Member of the House of Representatives
- In office 16 September 1913 – 17 September 1918
- Preceded by: Joseph Limburg
- Constituency: Schoterland

Member of the Senate
- In office 17 September 1919 – 8 June 1937

Personal details
- Born: Maurits Mendels 25 December 1868 The Hague
- Died: 3 June 1944 (aged 75) Theresienstadt concentration camp
- Party: SDAP
- Other political affiliations: SDP (1909)
- Spouse: Henriette Sara Stokvis ​ ​(m. 1896)​
- Children: 1
- Education: University of Amsterdam

= Maup Mendels =

Dutch politician (1868-1944)

Maurits "Maup" Mendels (25 December 1868 - 3 June 1944) was a Dutch lawyer and politician. He was a member of the House of Representatives from 1913 to 1918 and a member of the Senate from 1918 to 1937 for the Social Democratic Workers' Party (SDAP).

== Early life ==
Maup Mendels was born on 25 December 1868 in The Hague. He grew up in a religiously observant Jewish family, but he would abandon his faith later in life. He studied law at the University of Amsterdam, graduating in 1894, after which he became a lawyer in Leiden, and started writing for various local newspapers.
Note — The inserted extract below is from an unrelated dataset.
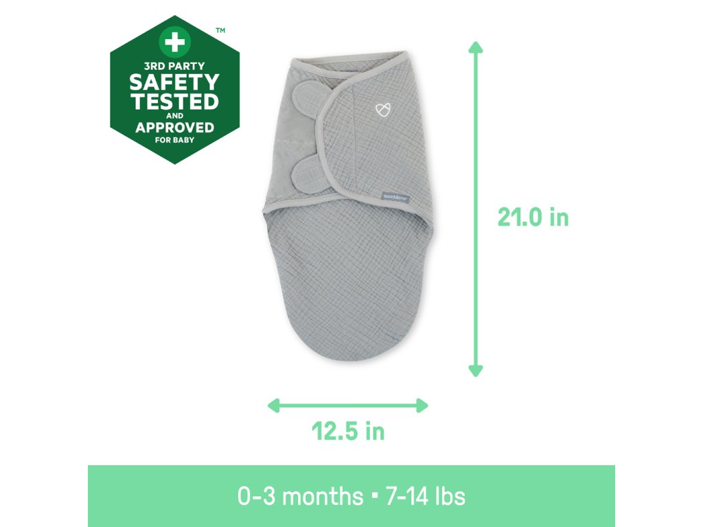 Udržujte svoje milované dieťatko pokojné a utešené pomocou zavinovačky SwaddleMe od Ingenuity Original Swaddle, ktorá je teraz súčasťou nového mušelínového materiálu.

In 1896, he married Henriette Sara Stokvis, with whom he would have one daughter. In 1899, Mendels joined the Social Democratic Workers' Party (SDAP), and became an editor for the social democratic newspaper Het Volk the year after.
== Political career ==
Mendels began his political career in the 1901 Dutch general election by unsuccessfully running as the SDAP candidate in the Zaandam district. He served in the municipal council of Zaandam from 1904 to 1906, and became a member of the provincial assembly of Utrecht in the late 1900s. He was also elected to the North Holland provincial assembly in 1913, serving until 1931 with a four-year break between 1919 and 1923.

Mendels joined the SDAP leadership in 1905. Ideologically affiliated with the revolutionary left-wing of the SDAP, when the party expelled the editors of the newspaper De Tribune in 1909 Mendels left the party in March to join the newly formed Social Democratic Party (SDP) as a member of its leadership but left a few months over conflicts over the SDP's perceived authoritarian leadership.
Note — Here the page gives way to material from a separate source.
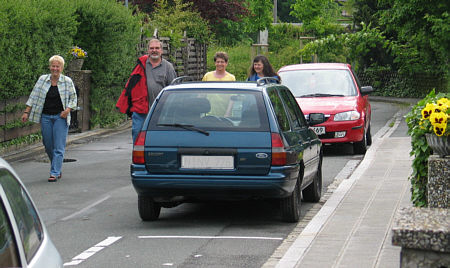 ... um ... vor den weißen Ballons ... auf dem Bild links neben dem Corsa

In 1913, Mendels was elected from the Schoterland district to the House of Representatives. In 1914, Mendels caused controversy by proposing legislation allowing judges to prevent the eviction of tenants unable to pay their rent. He was also active on colonial issues, supporting an end to Dutch oppression of the inhabitants of the Dutch East Indies and the establishment of state sugar cooperatives in the region.

He was reelected in the 1917 Dutch general election, but quit the House of Representatives the next year and became a member of the Senate in 1919. He was a member of the Senate until 1937, and served as the SDAP's parliamentary leader in the Senate for the last two years of his term.
== Later life ==

During the German occupation, the Mendels family was first forced to move to the Transvaalbuurt neighbourhood in Amsterdam and because Maup Mendels could not go into hiding due to deafness the family was then deported to Westerbork transit camp. Mendels and his wife were forced to leave their daughter Judica behind, and were sent to Theresienstadt concentration camp, where Maup Mendels died on 3 June 1944. Both his wife and his daughter survived the Holocaust.